Atlas Stream Processing provides support for Tumbling Windows, Hopping Windows, and Session Windows.
Tumbling Windows
Tumbling windows are windows defined entirely by the time intervals they capture. These time intervals don't overlap.
Example
You define a tumbling window with an interval of 3 seconds. When you start your stream processor:
A window opens for 3 seconds.
The first window captures all documents that the stream generates within those 3 seconds.
After 3 seconds elapse, the window closes and applies your aggregation logic to all the documents in that window.
If you configure
allowedLateness
, Atlas Stream Processing writes late-arriving messages to the Dead Letter Queue after the window closes.A new window opens as soon as the first one closes and captures documents from the stream for the next 3 seconds.
Tumbling windows ensure comprehensive capture of data streams without repeated processing of individual documents.
Hopping Windows
Hopping windows are windows defined by the time interval they capture and the interval between opening each window, called the hop. Since duration is decoupled from frequency, you can configure hopping windows to overlap them or to space them apart.
To define a hopping window with overlap, set a hop smaller than the interval.
Example
You define a hopping window with an interval of 20 seconds and a hop of 5 seconds. When you start your stream processor:
A window opens for 20 seconds.
The first window captures all documents that the stream generates within those 20 seconds.

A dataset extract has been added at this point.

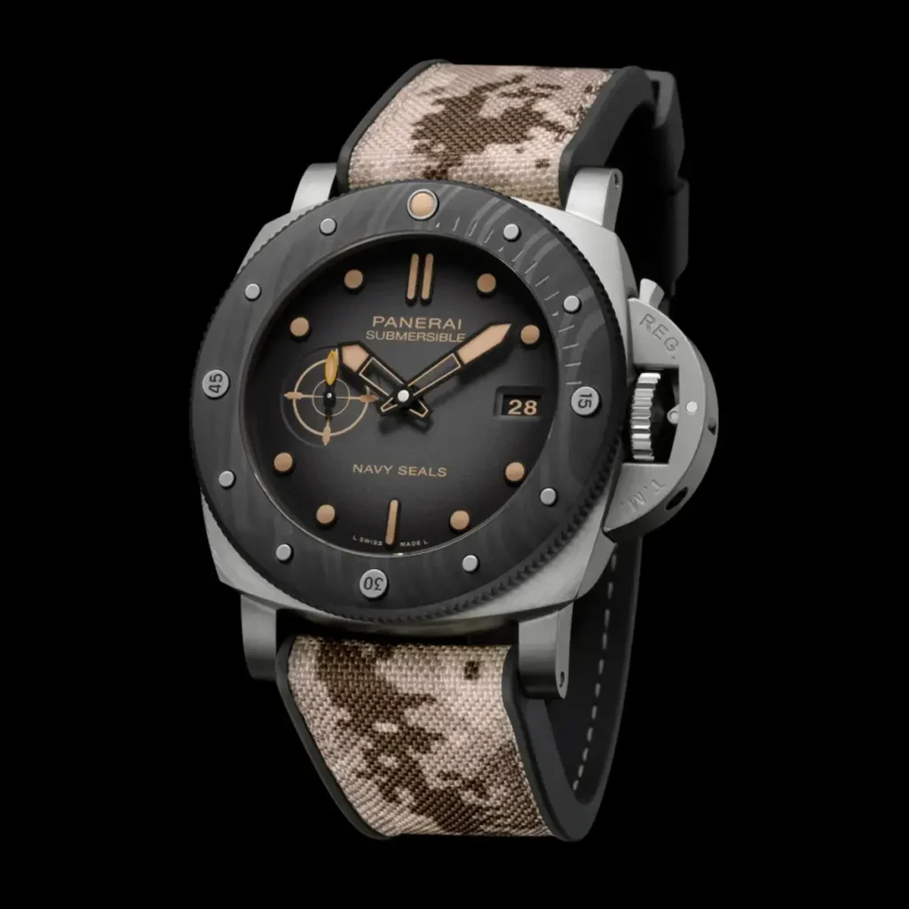 Il logo “Navy SEALs” è visibile sotto le lancette centrali di ore e minuti, mentre i piccoli secondi trovano posto nel quadrante secondario a ore 9. Ulteriori riferimenti all’unità militare includono il logo inciso sul fondello e il cinturino ibrido in tessuto e caucciù, con un motivo mimetico. Al cuore di questo segnatempo si trova il calibro P.900, che offre una riserva di carica di 72 ore, un movimento consolidato per Panerai e spesso recensito sul blog. Questo modello incarna l’essenza dell’orologio da immersione e, con un prezzo di 10.400 €, ne riflette il valore.

5 seconds later, another window opens and captures all documents within the next 20 seconds. Because the first window is still open, all documents that the stream generates for the next 15 seconds are captured by both windows.
20 seconds after the first window opens, it closes and applies your aggregation logic to all the documents in that window.
5 seconds later, the second window closes and applies your aggregation logic to all the documents in that window, including those that were already subject to aggregation logic in the first window.
If you configure allowedLateness
, Atlas Stream Processing writes
late-arriving messages to the Dead Letter Queue after the window
closes.
To define a hopping window with spacing, set a hop larger than the interval.
Example
You define a hopping window with an interval of 3 seconds and a hop of 5 seconds. When you start a stream processor:
A window opens for 3 seconds.
The first window captures all documents for the next 3 seconds.
After 3 seconds elapse, the window closes and applies your aggregation logic to all the documents in that window.
The next window opens after a further 2 seconds elapse.
Atlas Stream Processing does not process any documents that the stream generates during those 2 seconds.
Session Windows
Session windows are windows that allow you to run a pipeline on each "session" of activity in an input stream. Two documents are in the same session if they have the same partition, and the difference of their timestamps is less than the session gap.
When a window is closed, its results are released to the next stage.
Example
You define a partition of $userId
, a gap of 5 minutes,
and an allowed lateness of 5 seconds.
When you start your stream processor:
A window opens when the first document reaches the
$sessionWindow
.Any documents that reach the stage that contain the same
userId
value (including an absence of this field) within five minutes and five seconds of the most recent matching document arriving at the processor are added to same session window.The window remains open until no documents are added to it for the gap of five minutes plus the allowed lateness of five seconds.